2005News

Complications re the public debt

Mario Mendez, economic editor of Hoy newspaper, focused on how the level of domestic debt in the form of Central Bank certificates is growing faster than the foreign debt given the higher yields. The Central Bank has resorted to issuing certificates in order to counteract the monetary impact of the increase in accumulated reserves. This has been occurring despite a reduction in the interest rate on certificates from around 60% in mid 2004 to around 25%. Economists consulted by Mendez say that the Central Bank has issued around RD$8 billion in savings certificates in order to keep the peso at its new highs. The level of Central Bank certificates at the start of the Fernandez government in August 2004 was RD$94 billion certificates outstanding. He writes that this now has increased to RD$130 billion, for a 38% increase. If these are converted to dollars, the increase in debt is greater, going from US$2.04 billion to US$4.48 billion, for a 119% increase.
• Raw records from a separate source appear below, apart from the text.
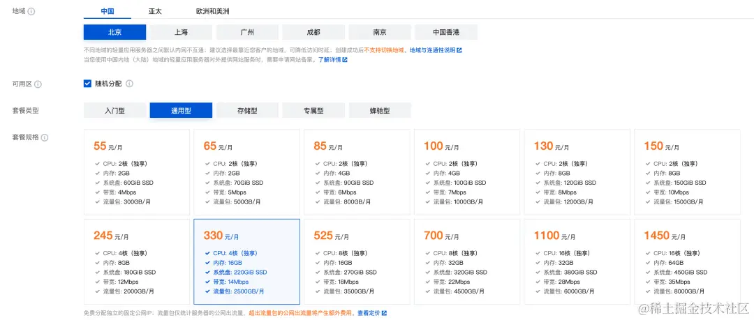 - 选择地域及套餐配置: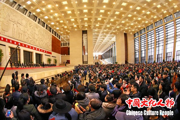 中国文化人物(主编 王保胜)12月9日,由中国艺术研究院、中国国家博物馆和河北省文学艺术联合会共同主办,中国国家画院油画院担任学术支持的“韩玉臣油画与西方油画展”在中国国家博物馆隆重开幕。中国艺术研究院院长连辑,中国国家博物馆馆长吕章申,中国美术家协会分党组书记、驻会副主席、秘书长徐里,中央美术学院院长、中国美术家协会副主席范迪安,国家画院油画院院长詹建俊,中央美术学院教授、此次展览策展人邵大箴,中央美术学院教授钟涵,韩玉臣恩师、中央美术学院教授苏高礼,商务部原副部长张志刚,河北省政协原副主席刘建生,国家工商总局原副局长付双建,全国人大常委会委员、中国工程院院士丛斌,河北省政协秘书长郭大建,国家图书馆原馆长詹福瑞,中央编办原副主任王澜明,全国政协常委彭雪峰,河北省文联党组书记解晓勇,中国书法家协会副主席、河北省文联副主席刘金凯,河北省文联副主席、河北省美术家协会主席祁海峰,中国国家画院油画院常务副院长张祖英,中国艺术研究院中国油画院副院长、中国美术家协会油画艺术委员会秘书长徐青峰,人民日报海外版党委书记李建兴,中国摄影家协会原副主席朱宪民等领导,以及阿拉伯国家驻华使节委员会主席阿卜杜拉·萨阿迪及其夫人,卡塔尔驻华大使苏尔坦·曼苏里及夫人,中央美术学院副院长董长侠、教授孙景波,中国艺术研究院研究员陈醉、王镛、杨华山、尹毅等来自海内外文化界、艺术界的专家学者和各界嘉宾两千余人出席。开幕式由中国国家博物馆副馆长谢小铨主持。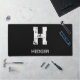 MINIMALIST WHITE ONE LETTER MONOGRAM NAME BLACK DESK MAT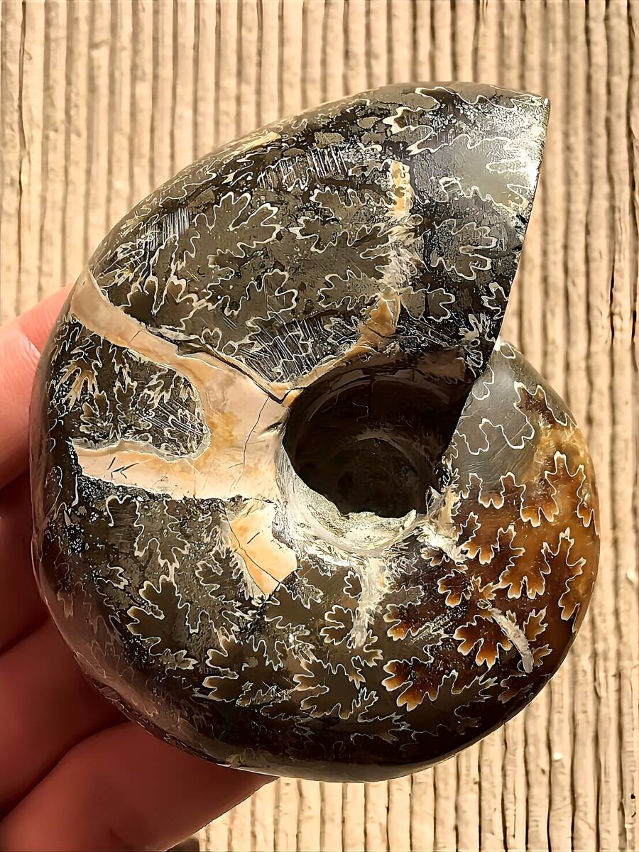 | ☆ | 商品名:マダガスカル産 デスモセラス縫合線アンモナイト ■アンモナイト仏語名:Ammonite Desmoceras ■原産地 マダガスカル、マハジャンガ産 ■サイズ・重さ:198g/8.2cm ■ アンモナイトは、古生代シルル紀末期から中生代白亜紀末までの約3億5000万年前後の間を、海洋に広く分布し繁栄していた頭足類の分類群の一つです。 全ての種が平らな巻き貝の形をした殻を持っているのが特徴です。 一風変わった自然色ものをお探しの方や、大切な方への贈り物としての化石をお考えの方はこの機会にお一ついかがでしょうか。 ■配送方法:レターパックプラス ■送料負担:落札者 ■発送元:東京都 ■海外発送:対応不可 ■発送日までの日数:入金手続き当日発送 ●注意事項● ■ まとめて取引は可能な限り対応します。発送方法の変更が不可な場合はお断りする場合がございますが、同梱にて2点目以降送料無料対応いたします。 ■支払期限については原則2日以内にお願いします。 ■ノークレーム、ノーリターンでお願いしておりますので化石商品の性質をよく御理解した上で入札をお願い致します。 ■評価の悪い方の入札は取り消します。 ■商品は天然物につき画像には映らない多少のキズ、欠け等がある可能性、またカメラの性能や光の具合によって現物との色の違いが若干ある場合がございます。写真コメントで説明していますが、伝わらない点についてはご了承願います。撮影には一切照明を使用せず、日中の自然光で撮影をしています。 | ★ | |||||||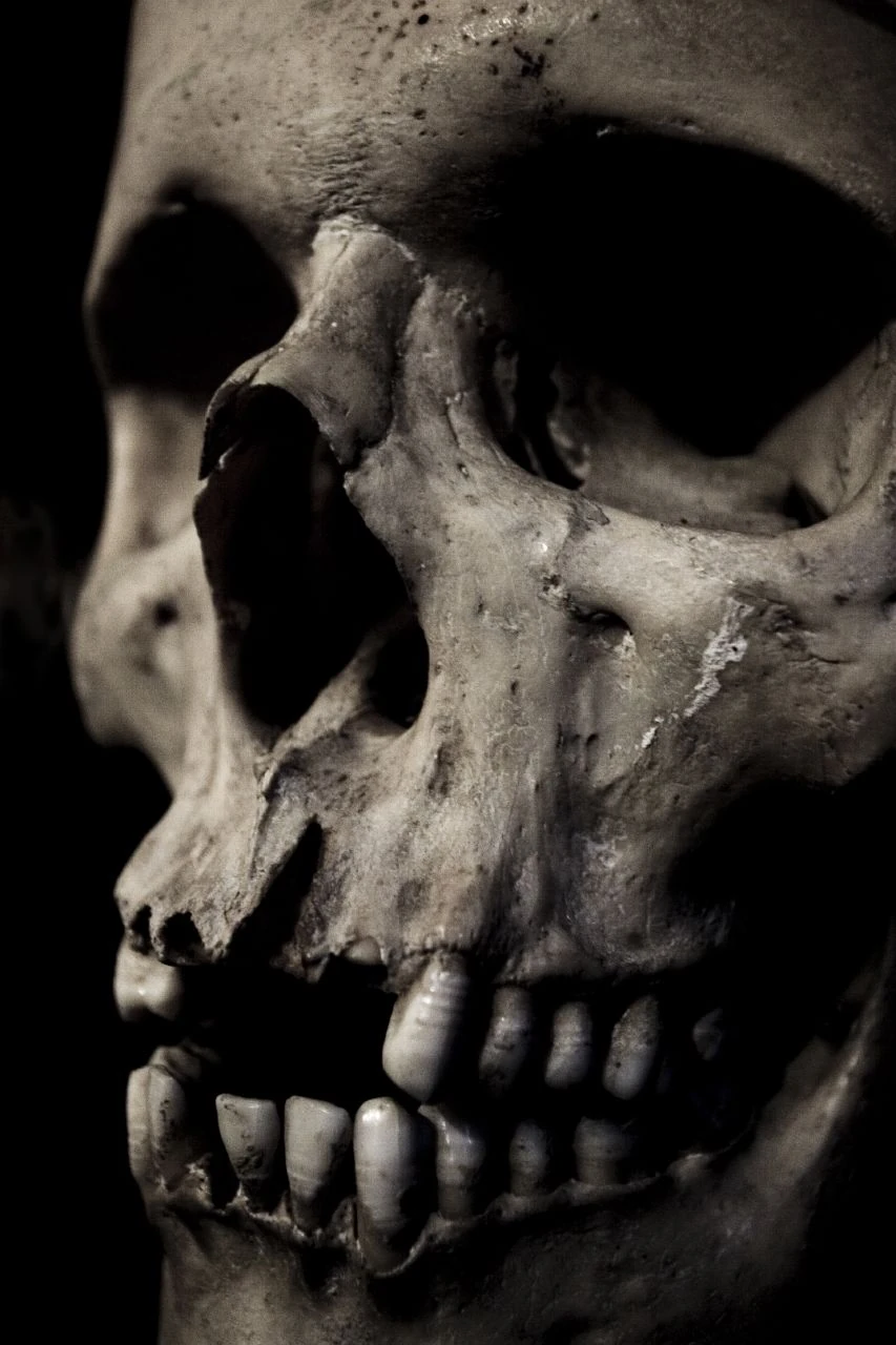 A human skull, often seen as a symbol of death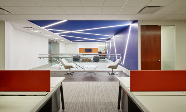 上海裝修公司-康藍(lán)裝飾今天要與大家分享的是,巧妙地利用動感光波營造辦公環(huán)境的辦公室裝修設(shè)計(jì)。設(shè)計(jì)師為其打造了一個充滿能量和動感活力的辦公室,以繼續(xù)保持不斷增長的無限潛力。設(shè)計(jì)師以此為設(shè)計(jì)核心,擴(kuò)建了一個新空間以補(bǔ)充和強(qiáng)化近期剛完成的改造工程。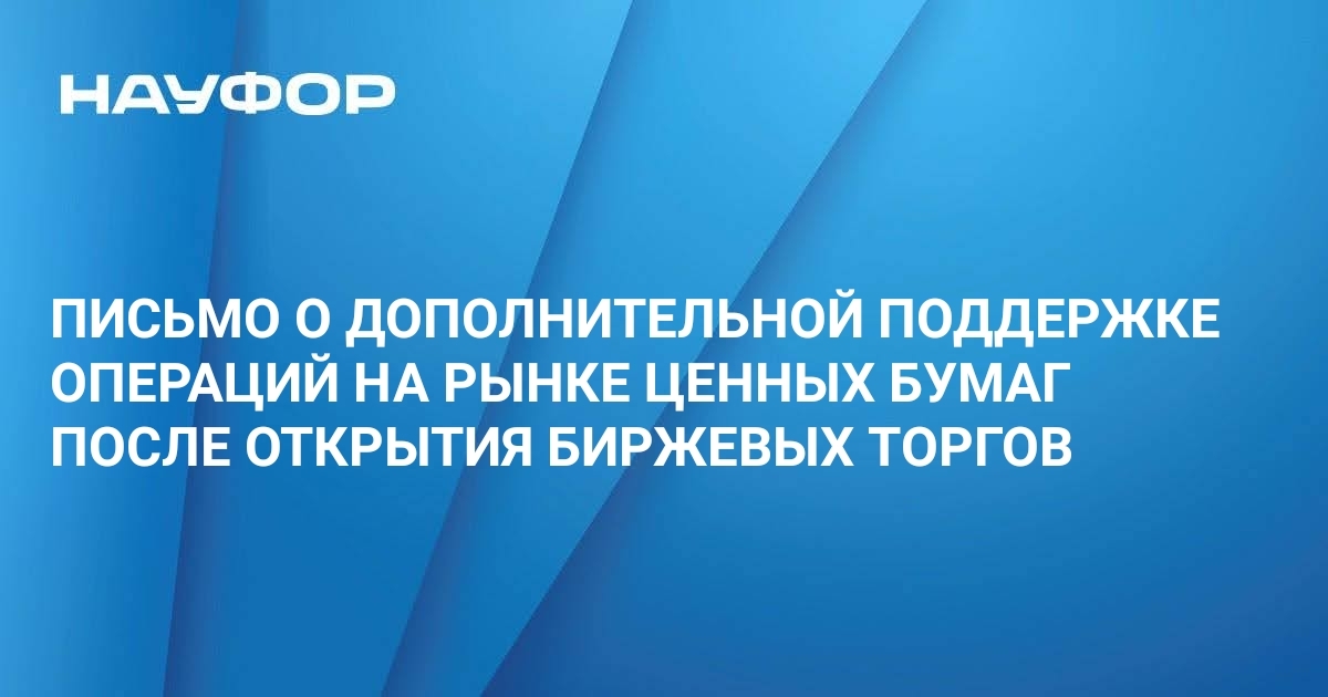 Национальная ассоциация участников фондового рынка просит Министерство финансов и Банк России рассмотреть вопрос о дополнительной поддержке операций на рынке ценных бумаг в течение ближайшего времени после открытия организованного рынка.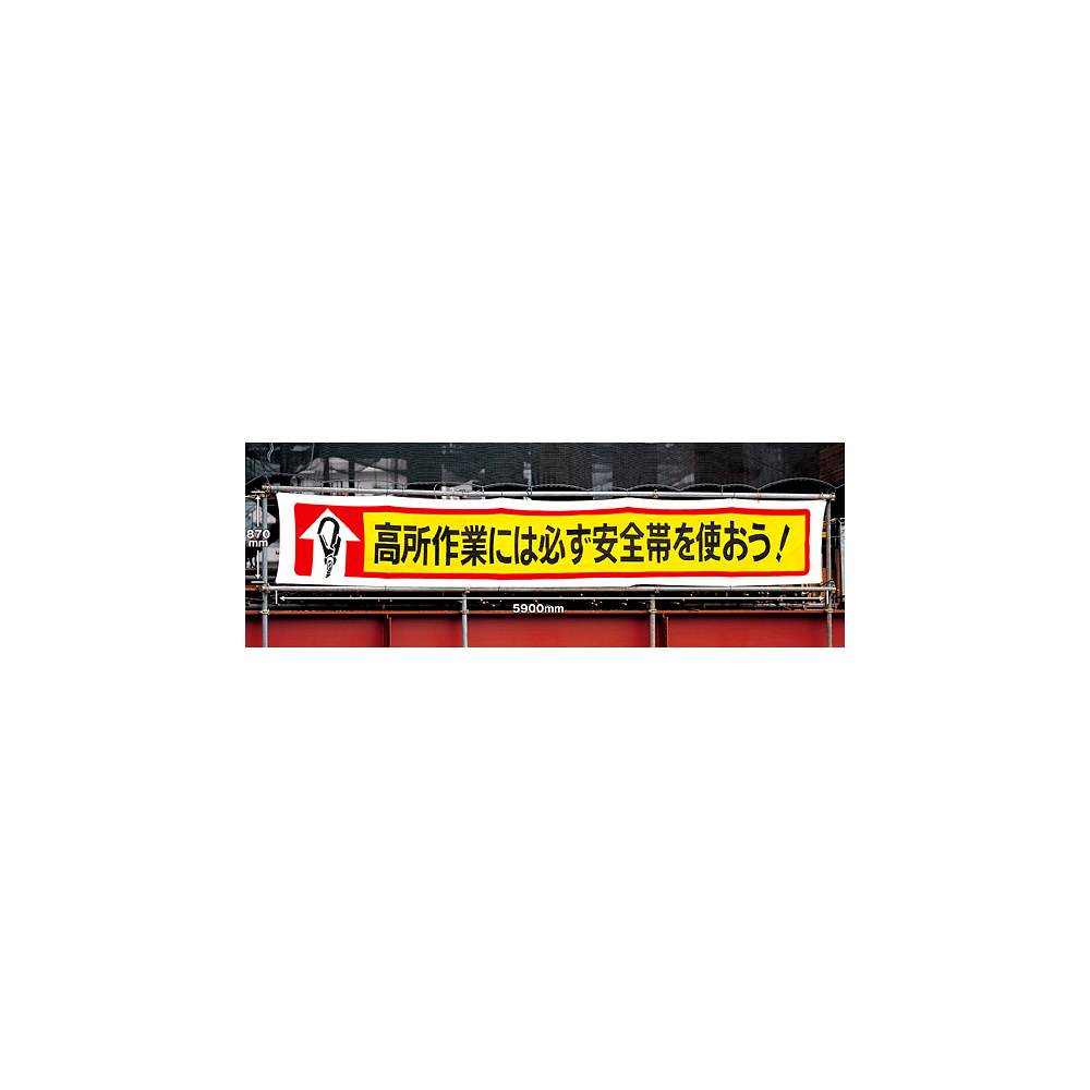 商品説明:横断幕 あらゆる手段で墜落災害を絶滅.. (352-04)

He mentioned that the bonds that deal whereby Spanish investors would have placed in dollars at the Central Bank fell through because these requested fixed interest rates, which is not compatible with the IMF agreement. The government also expects to use revenues from the sale of government property to pay off the debt.

He comments that the option contemplated during the end of the past administration for the government to borrow in US$ to pay off the certificates in one shot is now much more costly given the appreciation of the peso. This had made sense when the peso was RD$50-US$1, and the certificates would have been US$2 billion instead of US$4.48 billion, as at present.